### RECORDS PROVIDED:
════

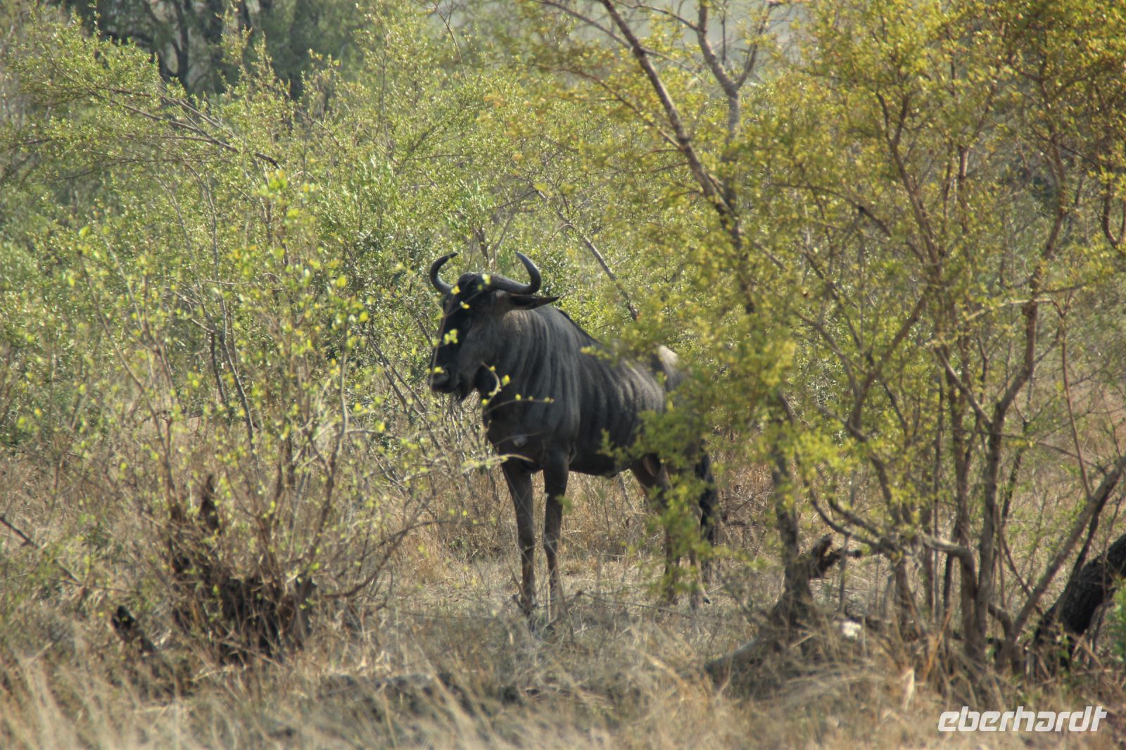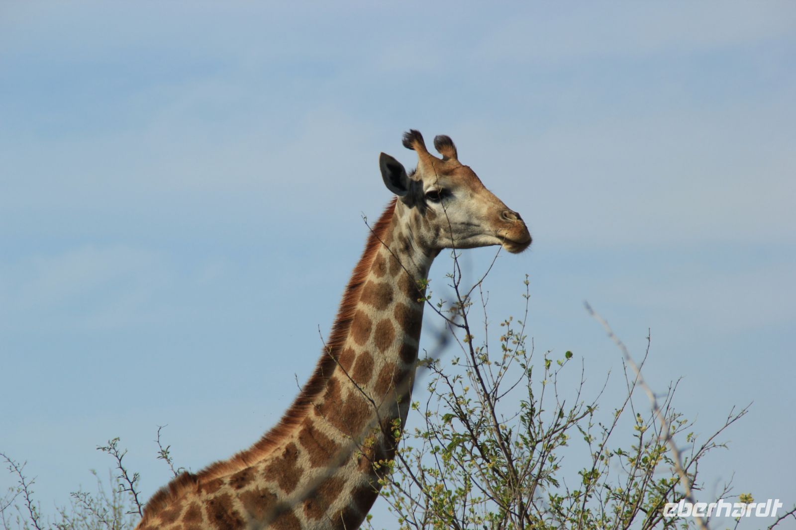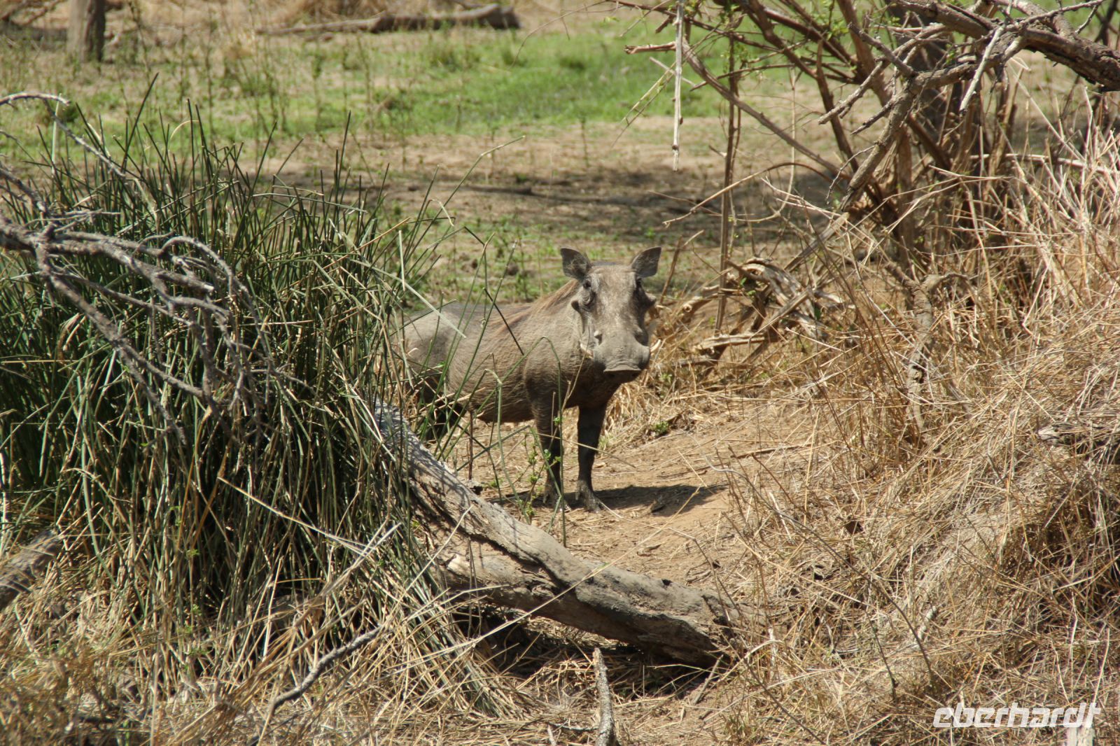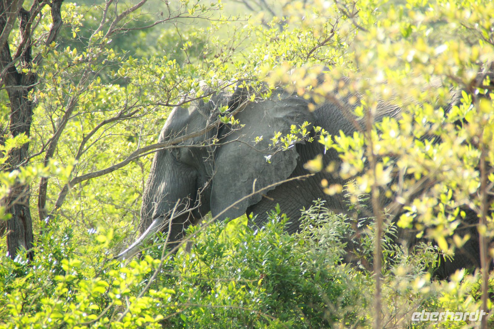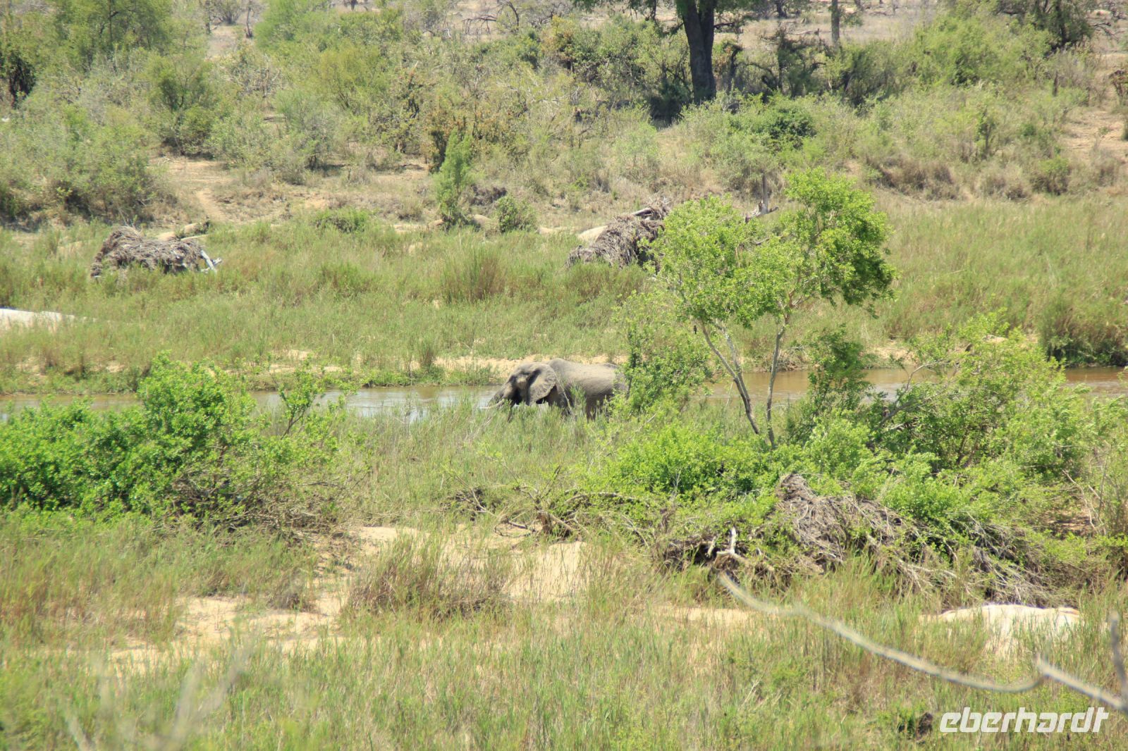 Guten Morgen Krüger-Nationalpark! Mit Sonnenaufgang trafen wir uns zu einem kurzen Frühstück und dann sollte unsere Safari auch schon losgehen. Kurz nachdem wir unsere Lodge verlassen hatten, begegneten wir auch schon zwei der Big Five. Wir sahen einen Büffel und einen frühstückenden Elefanten. Begeistert fuhren wir zum Tor Nnumbi Gate, meldeten unsere kleine illustre Gruppe an und schon machten wir uns auf, die wilden Tiere des Krüger zu entdecken. Schon bald sahen wir Zebras, Impalas, welche sich als Fast Food für die großen Raubtiere herausstellten, und auch ein paar Giraffen. Wir fuhren Wasserlöcher mit Flusspferden an, retteten kleine Schildkröten, kamen einer Büffelherde ganz nah, konnten uns von der Schönheit der Warzenschweine persönlich ein Bild von machen und befanden die majestätischen Kudus für zu schön, um gefressen zu werden. Plötzlich erspähte unser Fahrer etwas in der Ferne. Andere Autos standen bereits vor Ort. Da muss was sein! Und tatsächlich hatte es sich ein Rudel Wildhunde unter einem Baum gemütlich gemacht. Er erzählte uns, dass man sie nur sehr selten zu Gesicht bekommt. Nach einer Erfrischungspause in einem der nahe gelegenen Camps ging unsere Erkundungstour weiter. Nun endlich entdeckten wir auch eine Elefantenherde in der Ferne. Ein weiteres Highlight folgte direkt im Anschluss. Ganz in der Ferne konnte man an einem Wasserloch drei Löwen erkennen. Gut, dass ein Gast ein Fernglas dabei hatte. Während wir weiterfuhren, wären wir doch fast an einem kleinen Rudel junger Löwen vorbeigefahren. Auch diese entspannten sich in der Mittagssonne im Schatten. Die Mähne des Löwen bildet sich erst im frühen Erwachsenenalter vollständig aus, wenn die Löwen vier bis sechs Jahre alt sind. Bis zum Nachmittag sahen wir noch weitere Tiere, wie Dik Diks, Paviane, Gnus, Giraffen und nochmal Elefanten. Somit hatten wir über den Tag verteilt drei der Big Five entdecken können. Nur das Nashorn und den Leopard ließ sich nicht blicken. Da wir noch Zeit bis zum Abendessen hatten, genossen wir ein Bad im Pool. Das Wetter schwang gerade um von sehr heiß und sonnig über den Tag in Gewitter mit kräftigen Regenschauern für den Abend. Schade, hatten wir uns doch auf traditionelles Braai-Abendessen unter freiem Himmel gefreut. Trotzdem glücklich über das Gesehene, verschwanden wir nach dem Abendessen in unseren Bungalows.
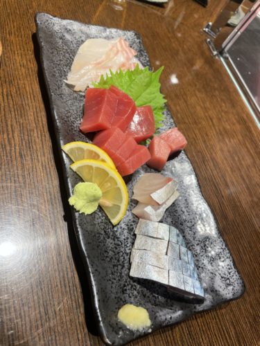 まずはお刺身の盛り合わせからいただきます。しんごさんの凄いところはこのお刺身!毎日その日その日でいい魚を仕入れてくれています。どれをいただいても抜群に美味しい~!
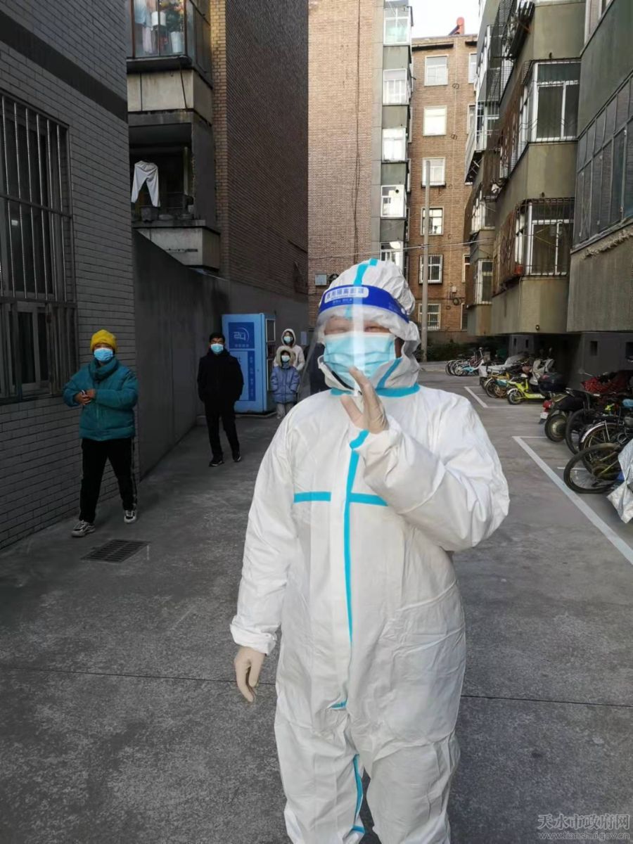在麦积区疫情严峻的时候,她又积极响应组织号召,主动报名下沉社区参与疫情防控,作为第二批志愿者参加社区抗疫志愿服务。她参与志愿服务的北道埠街道渭滨社区离家较远,每天天一亮,她就骑着借来得电动自行车到社区报到。先后参与了渭滨社区东北大院、二院家属院和焦化家园核酸检测点的志愿服务。她耐心劝导群众遵守检测规定,对年龄大行动不便的老人、小孩给予力所能及的帮助,认真维持检测点秩序,对检测点内外进行消毒,协助检测点医务人员做好数据统计和送检工作,一天下来,嗓子哑了,腿也站麻了,从来不见她抱怨。
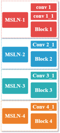 In order to make the MSLN more convenient and minimize the conflicts when splicing channels as much as possible, the number of convolution kernels in the block was set to 16, 32, 64, and 128, respectively. Compared with the number of channels in the ResNet (64, 128, 256, 512), the total size of parameters in the ResNet (130.20 ± 0.65 MB) was substantially decreased (10.87 ± 0.27 MB) and were greatly improved regarding the convergence speed.
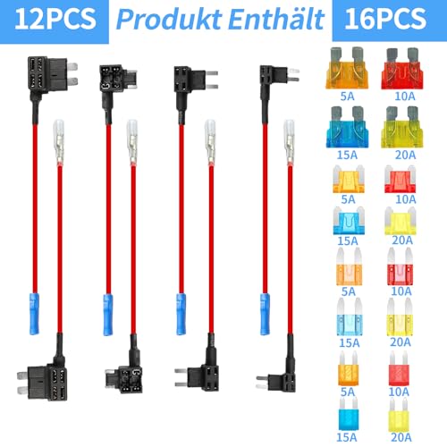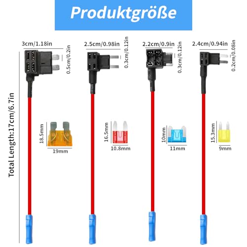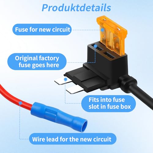 【Hochwertiges Material】: Der Kfz Steckdosen Flachsicherungsadapter besteht aus hochwertigem verzinntem Kupferdraht mit guten Biegeeigenschaften. Die stromdieb kfz-sicherung besteht aus einer hochwertigen Zinklegierung und isolierendem Kunststoff, der korrosionsbeständig ist, eine gute Leitfähigkeit und eine ausgezeichnete Schmelzbeständigkeit aufweist, langlebig ist und Fahrzeugleitungen und elektrische Geräte sicher und effektiv schützen kann.
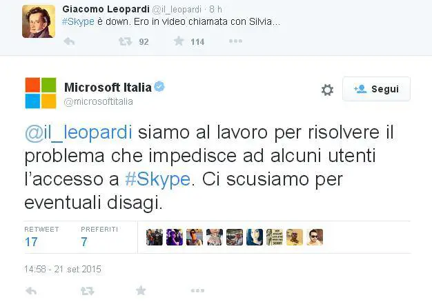 È quello che è successo a Microsoft Italia che nel caos in cui è piombata oggi ha risposto con un tweet anche a Giacomo Leopardi che si era lamentato del disservizio: "#Skype è down. Ero in video chiamata con Silvia…", ha scritto l'utente @il_leopardi. "Siamo al lavoro per risolvere il problema che impedisce ad alcuni utenti l’accesso a Skype. Ci scusiamo per eventuali disagi", ha replicato pronta l'azienda di Redmond.@il_leopardi siamo al lavoro per risolvere il problema che impedisce ad alcuni utenti l’accesso a #Skype. Ci scusiamo per eventuali disagi.
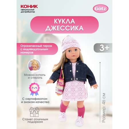 Кукла Gotz с виниловым подвижным телом подходит для активных игр дома и на улице. У игрушки светлые густые волосы, которые позволяют делать прически, расчесывать и мыть ей голову. Джессика одета в стильный наряд, состоящий из розового с белым платья и джинсовой курточки. На голове у нее - шапочка в тон платью, на ножках - белые кеды и розовые гольфики. В комплекте с куколкой имеется яркая вязаная сумочка.
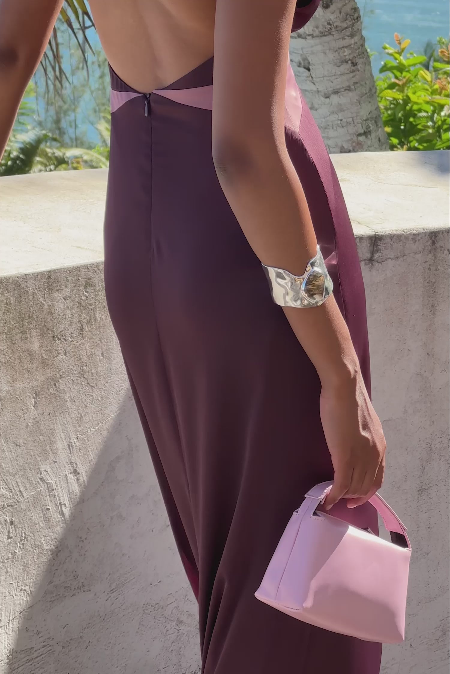 Bolso rectangular pequeño con asa de mano y cierre con cremallera.
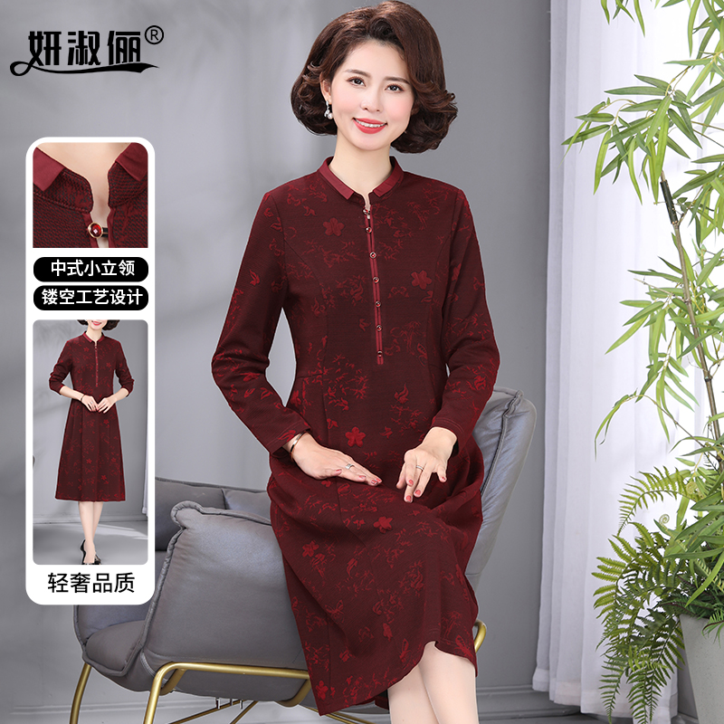 平时可穿 春喜婆婆婚宴装 中老年妈妈连衣裙立领提花新中式 2025新款
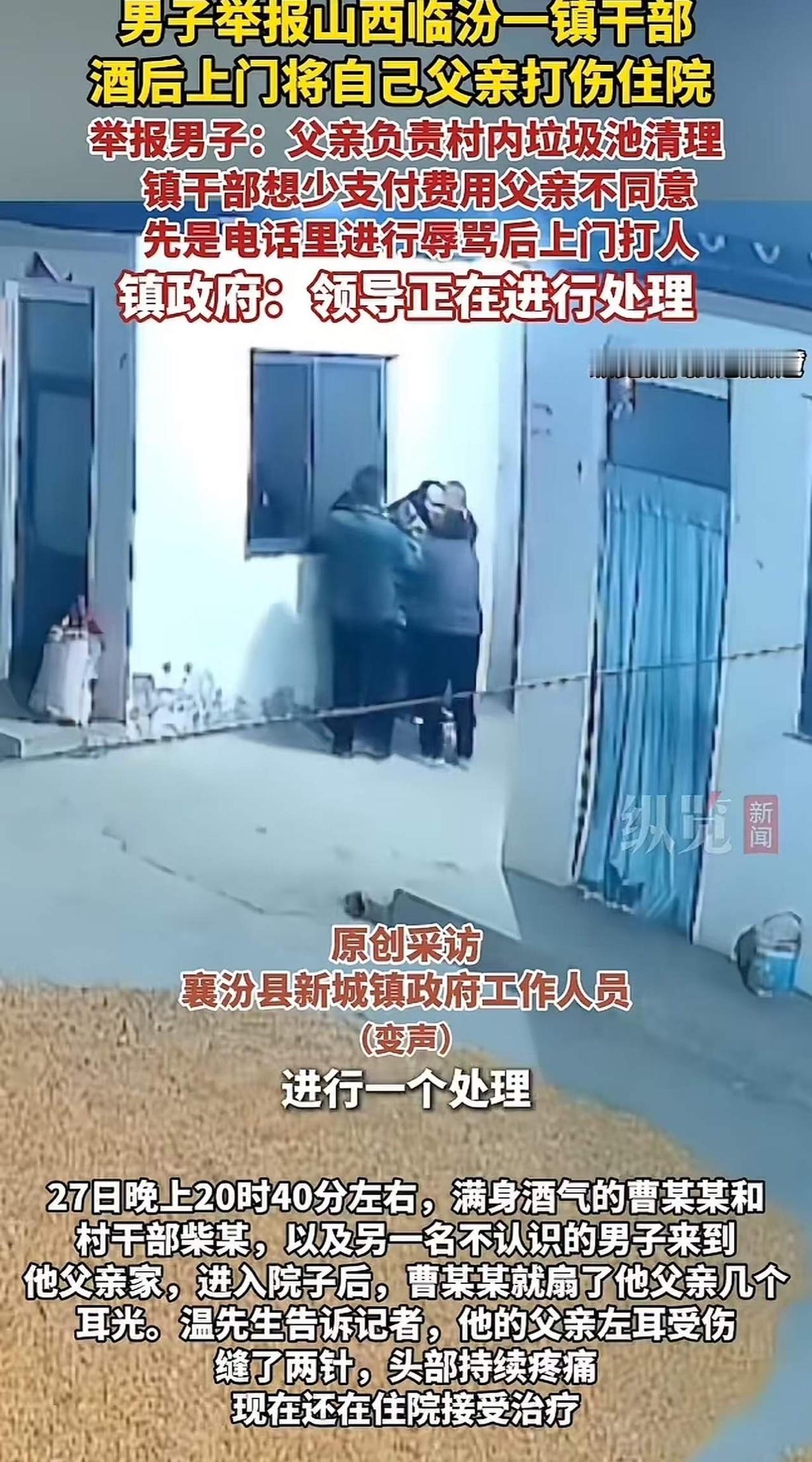 山西襄汾,一镇干部酒后上门殴打老人,老人受伤住院!而村干部之所以打人。是因为老人负责村里3个垃圾池清运,原本谈好9000元劳务费。可干了几个月后,镇干部突然改口只给5000元,老人不肯,村干部恼羞成怒,趁着酒劲上门教训老人! 在这个看似普通的小山村里,发生了一件令人扼腕叹息的事情:一位老人被村干部酒后殴打,受伤住院。事情的背后,却隐藏着我们每个人都曾遇到的那些“微妙的人性角力”和“制度漏洞”的阴影。这不仅仅是一场暴力事件,更是一面折射社会底层矛盾的镜子。 你可能会问,为什么一个本应平凡的村庄会演变成如此激烈的“冲突”?答案其实很简单:利益的失衡、信任的崩塌,以及制度的漏洞,让原本应简简单单的劳务合作变成了“谈判的战场”。老人辛勤负责村里的垃圾清运工作,原本双方达成的9000元协议,似乎也曾是彼此的信任证明。然而,仅仅几个月后,村干部的态度突然转变,从9000元降到5000元,这样的变故,无疑像是一记重击打碎了老人对公平的期待。 更令人愤怒的是,老人坚持维护自己的权益,却遭遇了酒后失控的暴力。那一刻,善良与正义似乎被粗暴践踏,原本应得到尊重的老人,却成为了暴力的受害者。这不仅仅是个人的悲剧,更是制度与人性的折射。难道我们的基层制度还存在“看人说话”、“以势压人”的漏洞?难道社会的公平正义,只能停留在口号上? 这起事件引发了广泛的社会关注,也让我们不得不深思:在一个追求和谐的社会里,弱者的权益究竟被放在哪个位置?面对利益的纷争,我们是否还能坚持人性中的善良?更重要的是,我们要问自己:作为旁观者、作为社会的一份子,我们是否可以成为改变的力量? 是的,正能量的力量就在我们每一个人的心中。每一次的关注、每一句的声援、每一次的正义呼唤,都是推动社会向善向上的火焰。这起事件提醒我们:制度的完善需要每个人的监督与参与,法律的底线需要全民的守护。我们不能让类似的悲剧再次发生,也不能让“人性中的阴暗”成为常态。 让我们用行动点亮希望,用声音唤醒良知。因为,只有当我们每个人都站在正义的一边,社会才能变得更加美好。这不仅仅是一次事件的反思,更是一次灵魂的唤醒。愿那位老人早日康复,也愿每一位在基层默默付出的人,都能得到应有的尊重与保护。我们期待,一个充满温暖与正义的社会,正等待着我们共同去创造。殴打古稀老人 殴打中老年 殴打中风老人 广东老人被打 殴打他人 江苏老人被打 醉酒殴打他人

════

Nothing but the lines from the one with "まずはお刺身の盛り合わせから" up to and including the one with "effektiv schützen kann." should be printed, exactly as they read above. Please keep the pictures out.

 まずはお刺身の盛り合わせからいただきます。しんごさんの凄いところはこのお刺身!毎日その日その日でいい魚を仕入れてくれています。どれをいただいても抜群に美味しい~!
在麦积区疫情严峻的时候,她又积极响应组织号召,主动报名下沉社区参与疫情防控,作为第二批志愿者参加社区抗疫志愿服务。她参与志愿服务的北道埠街道渭滨社区离家较远,每天天一亮,她就骑着借来得电动自行车到社区报到。先后参与了渭滨社区东北大院、二院家属院和焦化家园核酸检测点的志愿服务。她耐心劝导群众遵守检测规定,对年龄大行动不便的老人、小孩给予力所能及的帮助,认真维持检测点秩序,对检测点内外进行消毒,协助检测点医务人员做好数据统计和送检工作,一天下来,嗓子哑了,腿也站麻了,从来不见她抱怨。
 In order to make the MSLN more convenient and minimize the conflicts when splicing channels as much as possible, the number of convolution kernels in the block was set to 16, 32, 64, and 128, respectively. Compared with the number of channels in the ResNet (64, 128, 256, 512), the total size of parameters in the ResNet (130.20 ± 0.65 MB) was substantially decreased (10.87 ± 0.27 MB) and were greatly improved regarding the convergence speed.
 【Hochwertiges Material】: Der Kfz Steckdosen Flachsicherungsadapter besteht aus hochwertigem verzinntem Kupferdraht mit guten Biegeeigenschaften. Die stromdieb kfz-sicherung besteht aus einer hochwertigen Zinklegierung und isolierendem Kunststoff, der korrosionsbeständig ist, eine gute Leitfähigkeit und eine ausgezeichnete Schmelzbeständigkeit aufweist, langlebig ist und Fahrzeugleitungen und elektrische Geräte sicher und effektiv schützen kann.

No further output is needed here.